3. Il ressort des pièces du dossier que M. A... est entré en France via Bruxelles à l'âge de 12 ans sous couvert d'un visa court séjour et que sa mère, avant de repartir au Cameroun, l'a confié dans un premier temps à la nièce de son père décédé à Paris le 7 octobre 2007 avant qu'il ne s'installe à Troyes chez l'autre nièce de son père avec qui il vit depuis et à qui sa mère aurait donné procuration le 4 septembre 2017 afin d'être la tutrice légale de son fils. Depuis le 23 mai 2017, il a poursuivi sa scolarité régulièrement sans jamais redoubler depuis la 5ème jusqu'à l'obtention de son baccalauréat général le 4 juillet 2022, concomitamment à l'arrêté en litige du 7 juillet 2022. Il est actuellement inscrit en licence d'économie gestion à l'université de Reims avec le soutien de son professeur en sciences économiques et sociales au lycée Marie de Champagne. En outre, contrairement à ce qu'affirme la préfète, il n'est pas établi que sa mère serait au Canada ni qu'il entretiendrait des liens avec elle. La seule famille demeurant encore au Cameroun serait son frère ainé qui, par une attestation du 3 janvier 2023, indique ne pas avoir les moyens financiers de s'occuper de son frère cadet. Ainsi, dans les circonstances particulières de l'espèce, eu égard notamment aux gages sérieux d'insertion sociale et scolaire que présente l'intéressé, ce dernier doit être regardé comme faisant valoir des motifs exceptionnels au sens des dispositions de l'article L. 435-1 du code de l'entrée et du séjour des étrangers et du droit d'asile, de nature à justifier son admission exceptionnelle au séjour. Par suite, la préfète de l'Aube, en rejetant sa demande de titre de séjour, a entaché sa décision d'une erreur manifeste d'appréciation au regard de ces dispositions.

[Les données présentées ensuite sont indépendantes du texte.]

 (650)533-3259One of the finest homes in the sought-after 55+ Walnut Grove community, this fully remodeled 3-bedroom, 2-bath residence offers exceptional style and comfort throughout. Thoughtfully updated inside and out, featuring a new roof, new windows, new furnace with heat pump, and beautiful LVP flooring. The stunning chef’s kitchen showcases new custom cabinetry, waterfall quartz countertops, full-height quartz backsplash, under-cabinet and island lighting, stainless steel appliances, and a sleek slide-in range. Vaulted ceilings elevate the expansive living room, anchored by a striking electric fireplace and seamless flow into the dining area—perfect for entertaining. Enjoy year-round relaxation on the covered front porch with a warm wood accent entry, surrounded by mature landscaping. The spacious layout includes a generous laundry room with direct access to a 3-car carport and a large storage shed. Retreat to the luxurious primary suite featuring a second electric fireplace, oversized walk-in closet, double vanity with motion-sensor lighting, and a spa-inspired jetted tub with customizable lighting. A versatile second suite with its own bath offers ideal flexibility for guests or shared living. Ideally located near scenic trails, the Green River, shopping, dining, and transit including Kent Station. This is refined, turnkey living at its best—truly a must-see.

4. Il résulte de ce qui précède, sans qu'il soit besoin d'examiner les autres moyens de la requête, que M. A... est fondé à soutenir que c'est à tort que, par le jugement attaqué, le tribunal administratif de Châlons-en-Champagne a rejeté sa demande tendant à l'annulation du refus de titre de séjour ainsi que par voie de conséquences de l'obligation de quitter le territoire français et de la décision fixant le pays de destination.

Sur les conclusions à fin d'injonction :

5. Eu égard au motif d'annulation de l'arrêté attaqué ci-dessus retenu et alors qu'il ne résulte pas de l'instruction que des éléments de fait ou de droit nouveaux justifieraient que l'autorité administrative oppose une nouvelle décision de refus, le présent arrêt implique nécessairement que cette autorité délivre à M. A... un titre de séjour. Il y a lieu, par suite, d'enjoindre à la préfète de l'Aube de délivrer ce titre dans un délai de deux mois à compter de la notification du présent arrêt. Dans les circonstances de l'espèce, il n'y a toutefois pas lieu d'assortir cette injonction d'une astreinte.

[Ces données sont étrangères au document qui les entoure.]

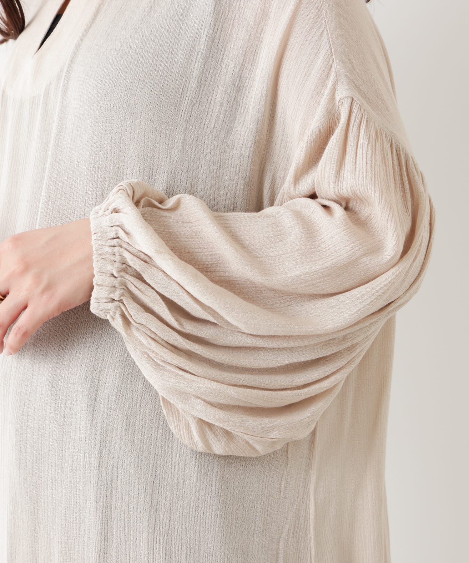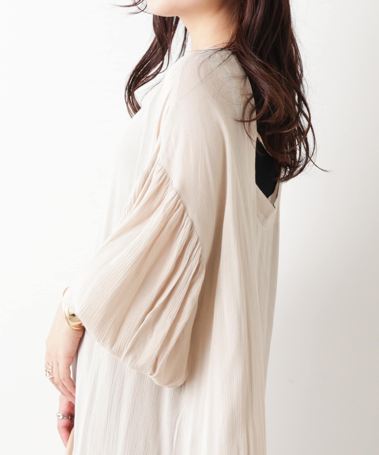 ・ボリューム袖で華奢見えするデザインに。

Sur les conclusions présentées sur le fondement des dispositions des articles L. 761-1 du code de justice administrative et 37 de la loi du 10 juillet 1991 :

6. M. A... a obtenu le bénéfice de l'aide juridictionnelle. Par suite, son avocat peut se prévaloir des dispositions de l'article L. 761-1 du code de justice administrative et du deuxième alinéa de l'article 37 de la loi du 10 juillet 1991. Il y a lieu, dans les circonstances de l'espèce, et sous réserve que Me Gaffuri, avocat de M. A..., renonce à percevoir la somme correspondant à la part contributive de l'État, de mettre à la charge de l'Etat le versement à Me Gaffuri de la somme

de 1 500 euros.

D É C I D E :

Article 1er : Le jugement n° 2201827 du 2 décembre 2022 du tribunal administratif de Châlons-en-Champagne et l'arrêté du 7 juillet 2022 par lequel la préfète de l'Aube a rejeté la demande de titre de séjour présentée par M. A... et lui a fait obligation de quitter le territoire français dans un délai de trente jours en fixant son pays de destination sont annulés.

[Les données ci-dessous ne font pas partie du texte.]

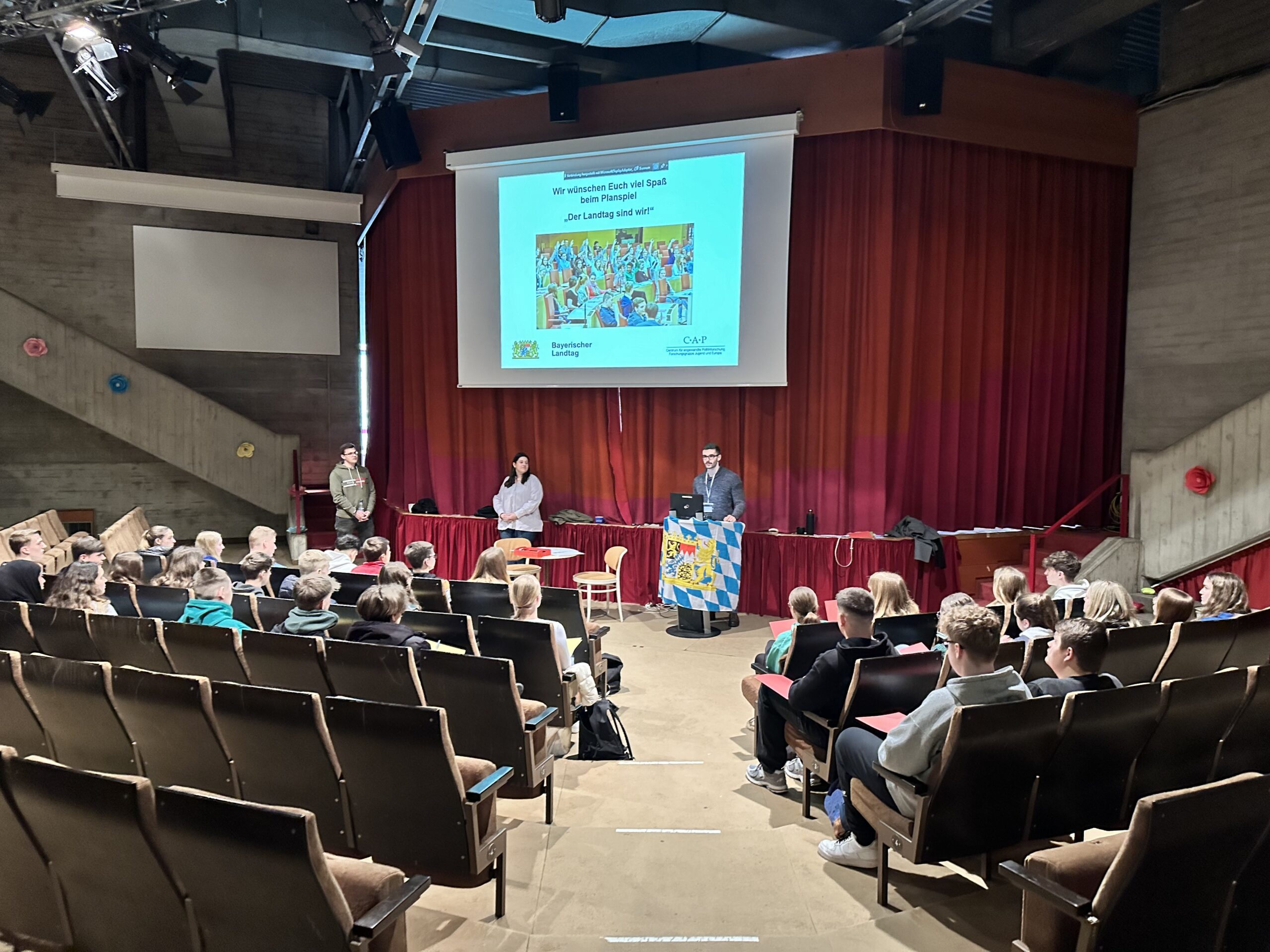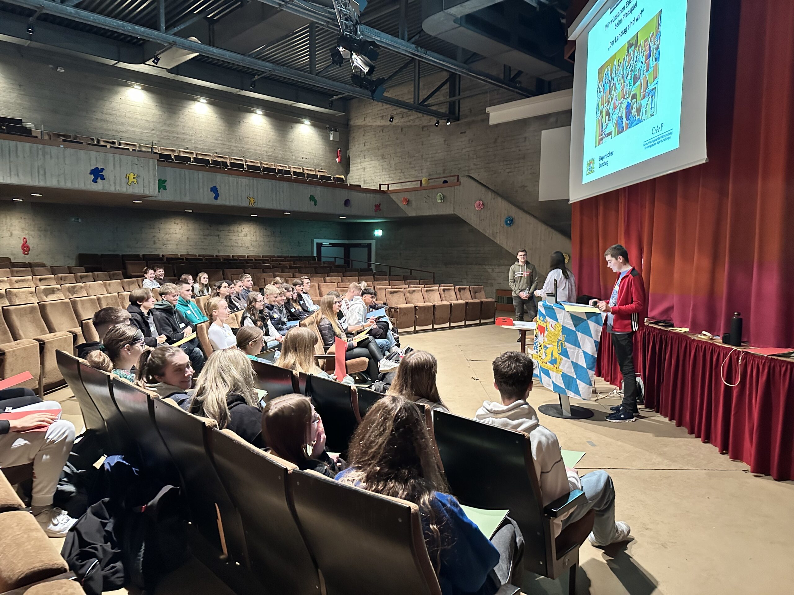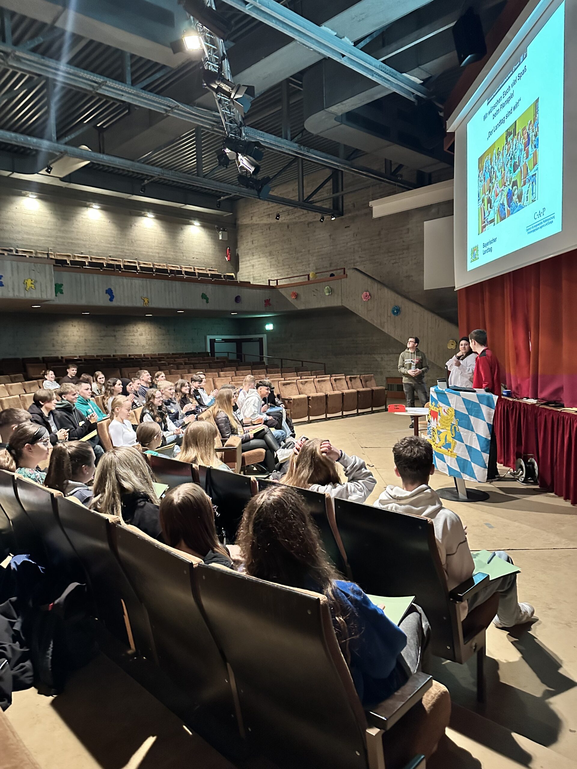 Am Freitag, den 22. März durften sich zwei Klassen der Realschule Waldkraiburg für einen Vormittag wie „die Großkopferten“ im Maximilianeum zu München fühlen. Der Plenarsaal wurde kurzerhand aus der Landeshauptstadt über den Weißwurst-Äquator nach Waldkraiburg – genauer gesagt – in das Schultheater verlegt. Wo sonst Theateraufführung zu sehen sind, Fortbildungen oder Lehrerkonferenzen abgehalten werden, agierten nun aufstrebende Landespolitiker.
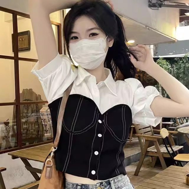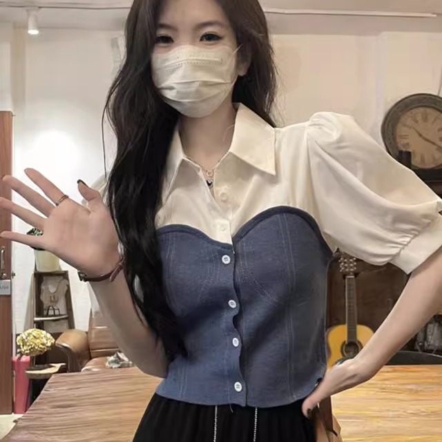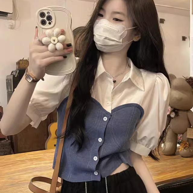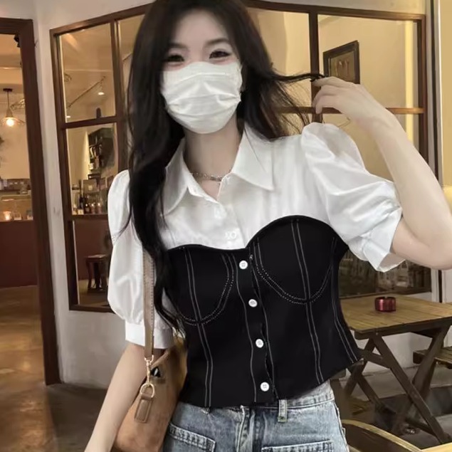 港味风格泡泡袖撞色假两件短袖衬衫女夏季新款小众T恤拼接上衣潮
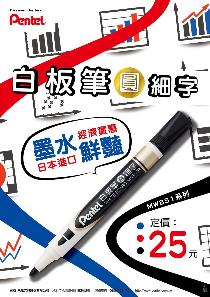 【 Pentel 飛龍 】細字白板筆 圓頭 1.5mm /支 MW851 - 多款可選
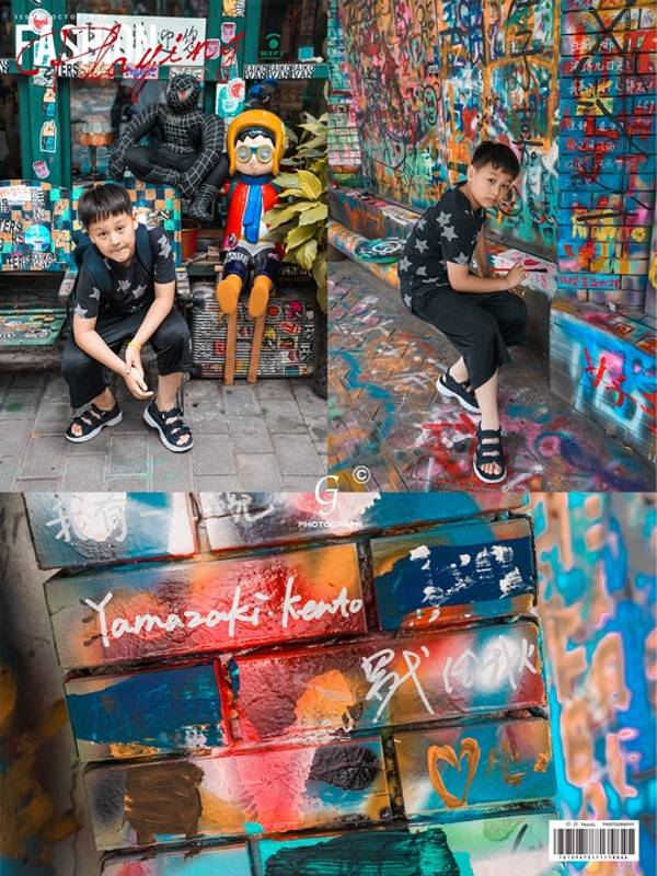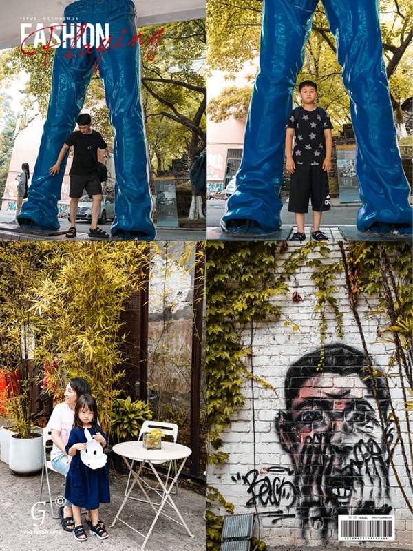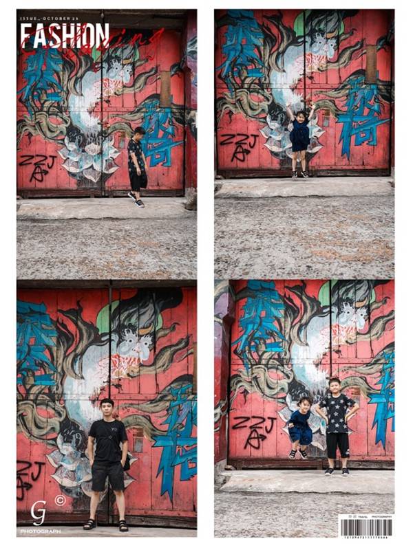 这个地方因为全是五颜六色的涂鸦,建议以黑、白灰为主要服装颜色,否则很难把人物跳脱出来。

Article 2 : Il est enjoint à la préfète de l'Aube de délivrer à M. A... une carte de séjour temporaire portant la mention " vie privée et familiale " dans un délai de deux mois à compter de la notification du présent arrêt.

Article 3 : L'Etat versera à Me Gaffuri, avocat de M. A..., une somme de 1 500 euros en application des dispositions du deuxième alinéa de l'article 37 de la loi du 10 juillet 1991, sous réserve que Me Gaffuri renonce à percevoir la somme correspondant à la part contributive de l'Etat.

Article 4 : Le présent arrêt sera notifié à M. B... A..., à Me Gaffuri et au ministre de l'intérieur et des outre-mer.

Copie en sera adressée à la préfète de l'Aube.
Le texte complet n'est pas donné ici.